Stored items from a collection
****

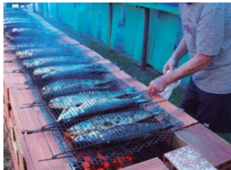
► Vem aí, em 22 de julho, a Festa da Tainha em Ubatuba

História e Religiosidade em Paraty (Página 9)
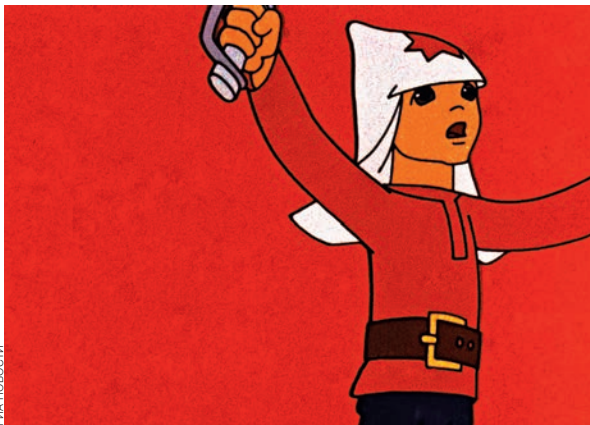
«Сказка о Мальчише-Кибальчише». Режиссер Александра Снежко-Блоцкая. 1958
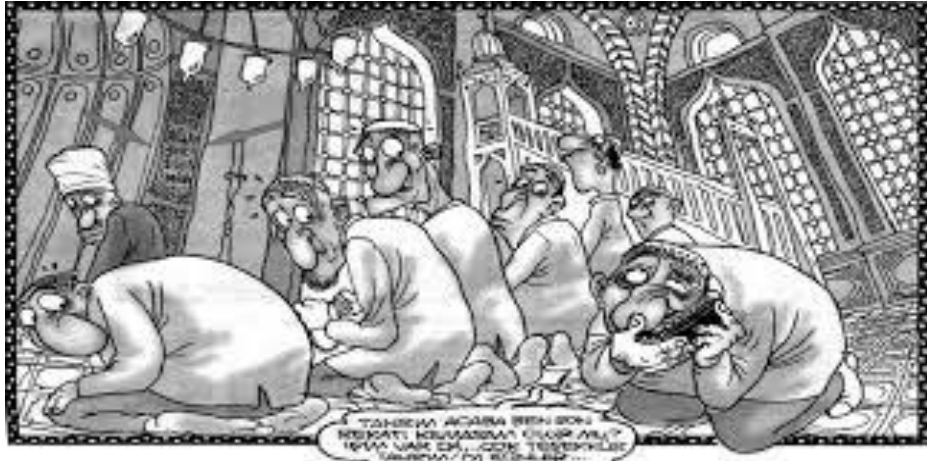
Görsel8: Penguen Dergisi Karikatürü. 9 Şubat 2011, s.10

İyi bir ilim taliminden sonra ilmi doğru tebliğ etmemiz gerekmektedir. Zira İslamofobi konusunda sadece Müslüman olmayan ülkelerde değil, Müslüman ülkelerde bile peşin ve yanlış hükümlerin yer aldığını görmekteyiz. Türkiye’de ki bazı mizah dergilerinde yer alan İslam’la ilgili karikatürler bu düşüncemizi teyit etmemizi sağlamıştır. Konuyla ilgili birkaç örnek verecek olursak şu karikatürleri gösterebiliriz.
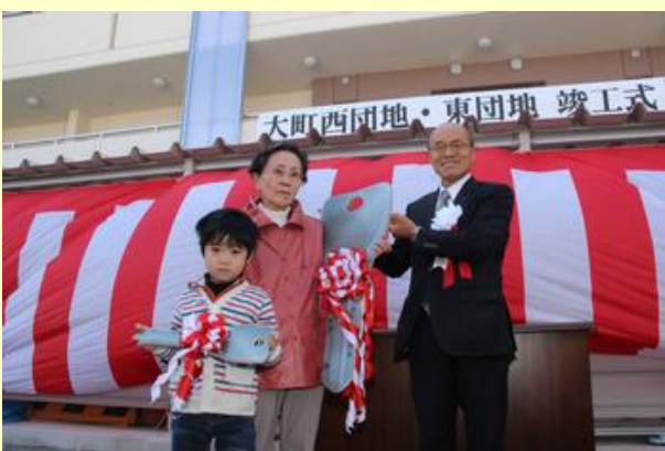
入居者代表への鍵引渡し

****

### WORK TO BE COMPLETED
Each line of the data needs to be output exactly, with any image excluded.

### RESPONSE TO THE EXERCISE
► Vem aí, em 22 de julho, a Festa da Tainha em Ubatuba

História e Religiosidade em Paraty (Página 9)
«Сказка о Мальчише-Кибальчише». Режиссер Александра Снежко-Блоцкая. 1958
Görsel8: Penguen Dergisi Karikatürü. 9 Şubat 2011, s.10

İyi bir ilim taliminden sonra ilmi doğru tebliğ etmemiz gerekmektedir. Zira İslamofobi konusunda sadece Müslüman olmayan ülkelerde değil, Müslüman ülkelerde bile peşin ve yanlış hükümlerin yer aldığını görmekteyiz. Türkiye’de ki bazı mizah dergilerinde yer alan İslam’la ilgili karikatürler bu düşüncemizi teyit etmemizi sağlamıştır. Konuyla ilgili birkaç örnek verecek olursak şu karikatürleri gösterebiliriz.
入居者代表への鍵引渡し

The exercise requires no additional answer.